After she eats a few more cheeseburgers, i would be interested in fishing with her.
Thin is in, but fat is where it's at!!!


----------



## whsalum (Mar 4, 2013)

From the looks of the drink holder you have to be well hydrated to fish with her :rotfl::rotfl:


----------



## Cajuntriton (Mar 9, 2015)

whsalum said:


> From the looks of the drink holder you have to be well hydrated to fish with her :rotfl::rotfl:


I still don't see a boat or drink holder...

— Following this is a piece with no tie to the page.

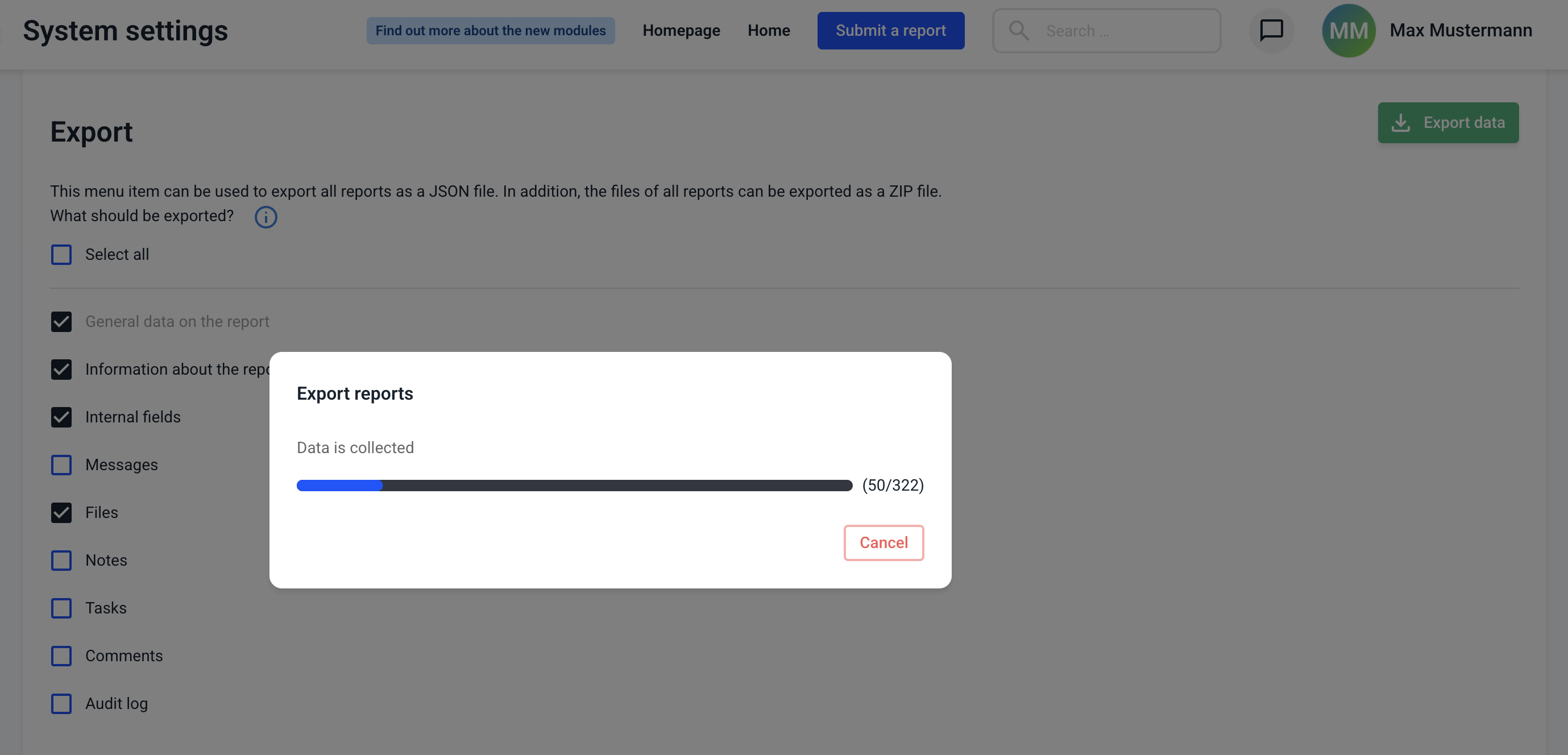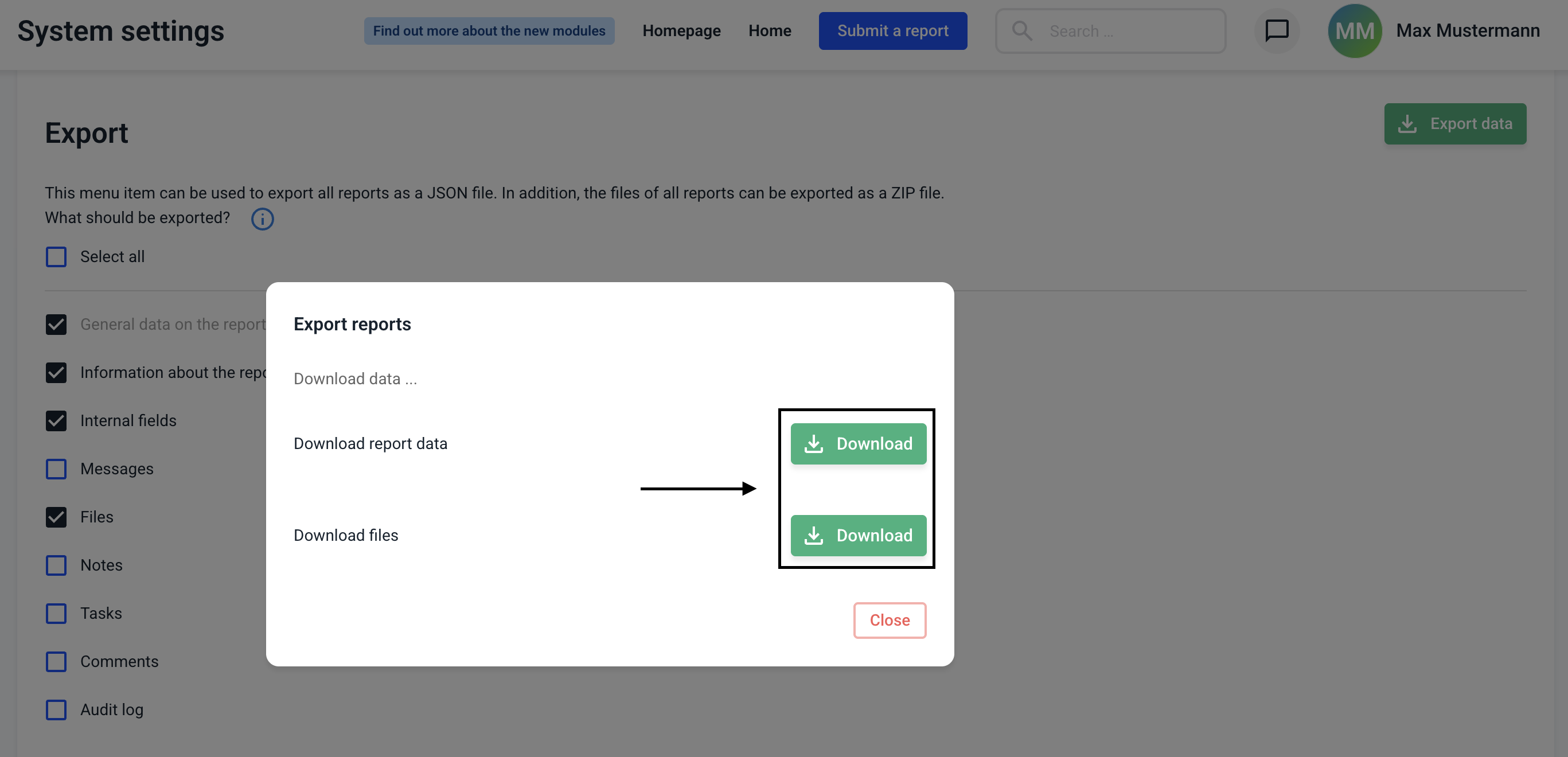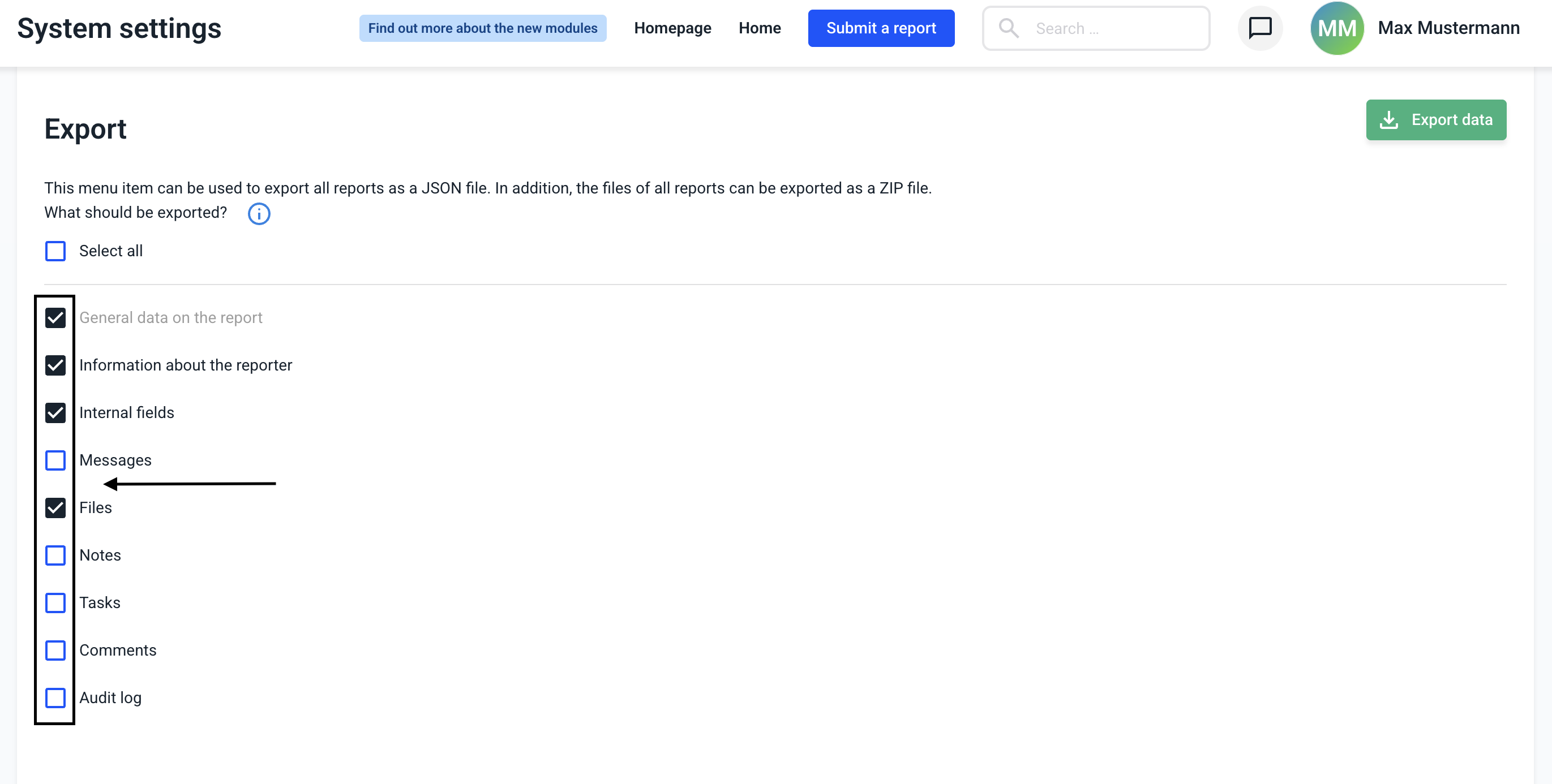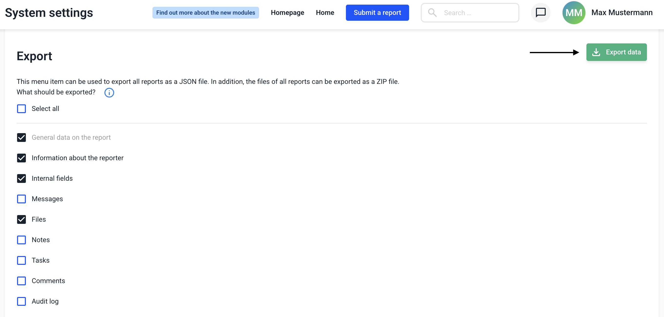 Select which data you want to export. You can decide this at the touch of a button. Report data is downloaded as a JSON file and the files as a ZIP file.

Sent from my iPhone using Tapatalk


----------



## Sunbeam (Feb 24, 2009)

I would love to fish with any of you guys or dolls on the board. But I am still aground here on Elba Island, OK.
I have been blessed to fish in the best honey holes all over the world. I think the Good Lord has decided that I am way over the limit so he put me in a place that keeps my rods standing in the corner and the tackle box collecting dust.
But considering the original question, I guess I wish I could have gone fishing with Jesus and Peter. Just imagine access to the whole lake on foot without a boat.


----------



## FISHNNUTT (Oct 27, 2007)

anybody !!!!!


----------



## 3StoogesFishing (May 4, 2010)

well, I agree with any of you 2coolers, I am retiring in March, just in time for fishing season, so since Larry and Curly will still be working I am available and ready to fish this spring. Now I like to fish for just about any type of fish. so let me know and I am more than happy to split all cost, heck usually the other guys make me bring breakfast anyway. Just let me know.


----------



## 3StoogesFishing (May 4, 2010)

What Walter I know that you will be calling me and saying fish on and hanging up the phone as I work and can not make it out to fish. I will have some leave so If you need me to take a day off and fish with you. I will. But as to whom I would like to fish with one would be Jeff, also Bruce, Mike, Simon, Loy, and Donald, or anyone I can hook up with that loves it as much as I do. I am kind of a PM away and we will go for sure. I have fishing with many good people on this board and I enjoyed all the trips I have been on and look forward to the next trip I make. Tony,


----------



## dunedawg (Jun 17, 2007)

Billy Sandifer.


----------



## essayons75 (May 15, 2006)

brucevannguyen


----------



## dbarham (Aug 13, 2005)

dunedawg said:


> Billy Sandifer.


Good choice


----------